Literature DB >> 21028992

Akt increases sox2 expression in adult hippocampal neural progenitor cells, but increased sox2 does not promote proliferation.

Joseph Peltier1, Anthony Conway, Albert J Keung, David V Schaffer.   

Abstract

Multiple extracellular factors have been shown to modulate adult hippocampal neural progenitor cell (NPC) proliferation and self-renewal, and we have previously shown that Akt is an important mediator of the effects of these extracellular factors on NPC proliferation and differentiation. However, very little work has investigated how and whether Akt is involved in maintaining the multipotency of these cells. Here we demonstrate that Akt promotes expression of Sox2, a core transcription factor important for the self-renewal of NPCs. Retroviral-mediated overexpression of wild-type Akt increased Sox2 protein expression, particularly under conditions that promote cell differentiation, whereas Akt inhibition decreased Sox2. Similarly, quantitative reverse transcription (RT)-PCR in differentiating cultures indicated that Akt rescued Sox2 mRNA to levels present under conditions that promote cell proliferation.
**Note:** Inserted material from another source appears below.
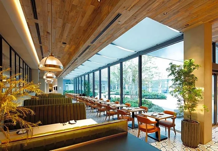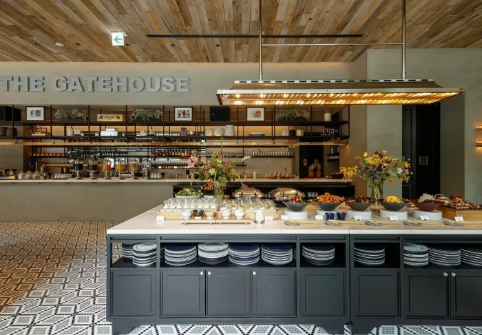 Ihr Aufenthalt beinhaltet ein luxuriöses Frühstücksbuffet im Restaurant The Gate House, wo japanische und westliche Spezialitäten aus sorgfältig ausgewählten regionalen Zutaten zubereitet werden. Außerdem finden Sie hier einen professionellen Barista, der frische Café Lattes aus frisch gerösteten Bohnen zubereitet. Das Restaurant steht unter der Leitung des Küchenchefs des renommierten *L’AS* in Tokio und garantiert Ihnen so einen außergewöhnlichen Start in den Tag. Wenn es das Wetter zulässt, können Sie sogar auf die stilvolle Dachterrasse des Restaurants hinausgehen und Ihre Mahlzeit im Freien genießen.

Additionally, pharmacological inhibition of Akt did not affect Sox2 protein levels in cells constitutively expressing Sox2 from a retroviral vector, indicating that Akt does not affect Sox2 protein stability. Further, in contrast to Akt overexpression, Sox2 overexpression does not increase NPC viable cell number or proliferation yet does inhibit differentiation. Collectively, these results indicate that Akt promotes cell proliferation and maintenance of a multipotent state via two downstream paths.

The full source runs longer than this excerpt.